WCF Essentials—Names and namespaces
| CSharp-Online.NET:Articles |
| .NET Articles |
| © 2007 O'Reilly Media |
Names and namespaces
You can and should define a namespace for your contract. The contract namespace
serves the same purpose in WCF as it does in .NET programming: to scope a type of
contract and reduce the overall chance for a collision. You use the Namespace property
of the ServiceContract attribute to provide a namespace:
[ServiceContract(Namespace = "MyNamespace")] interface IMyContract {...}
Unspecified, the contract namespace defaults to http://tempuri.org. For outwardfacing
services you would typically use your company’s URL, and for intranet services
you can use any meaningful unique name, such as MyApplication.
By default, the exposed name of the contract will be the name of the interface used.

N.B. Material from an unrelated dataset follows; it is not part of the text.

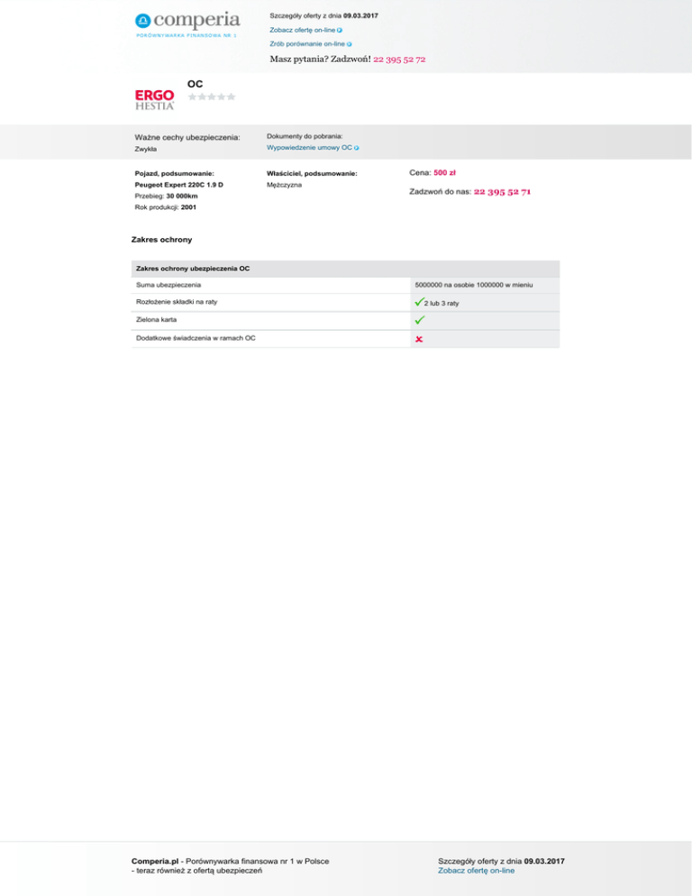 Szczegóły oferty z dnia 09.03.2017 Zobacz ofertę on-line Zrób porównanie on-line Masz pytania? Zadzwoń! 22 395 52 72 OC Ważne cechy ubezpieczenia: Dokumenty do pobrania: Zwykła Wypowiedzenie umowy OC Pojazd, podsumowanie: Właściciel, podsumowanie: Peugeot Expert 220C 1.9 D Mężczyzna Przebieg: 30 000km Cena: 500 zł Zadzwoń do nas: 22 395 52 71 Rok produkcji: 2001 Zakres ochrony Zakres ochrony ubezpieczenia OC Suma ubezpieczenia Rozłożenie składki na raty 5000000 na osobie 1000000 w mieniu 2 lub 3 raty Zielona karta Dodatkowe świadczenia w ramach OC Comperia.pl - Porównywarka finansowa nr 1 w Polsce - teraz również z ofertą ubezpieczeń Powered by TCPDF (www.tcpdf.org) Szczegóły oferty z dnia 09.03.2017 Zobacz ofertę on-line

However, you could use an alias for a contract to expose a different name to the clients
in the metadata using the Name property of the ServiceContract attribute:
[ServiceContract(Name = "IMyContract")] interface IMyOtherContract {...}
In similar manner, the name of the publicly exposed operation defaults to the
method name, but you can use the Name property of the OperationContract attribute
to alias it to a different publicly exposed name:
[ServiceContract] interface IMyContract { [OperationContract(Name = "SomeOperation")] void MyMethod(string text); }
You will see a use for these properties in the next chapter.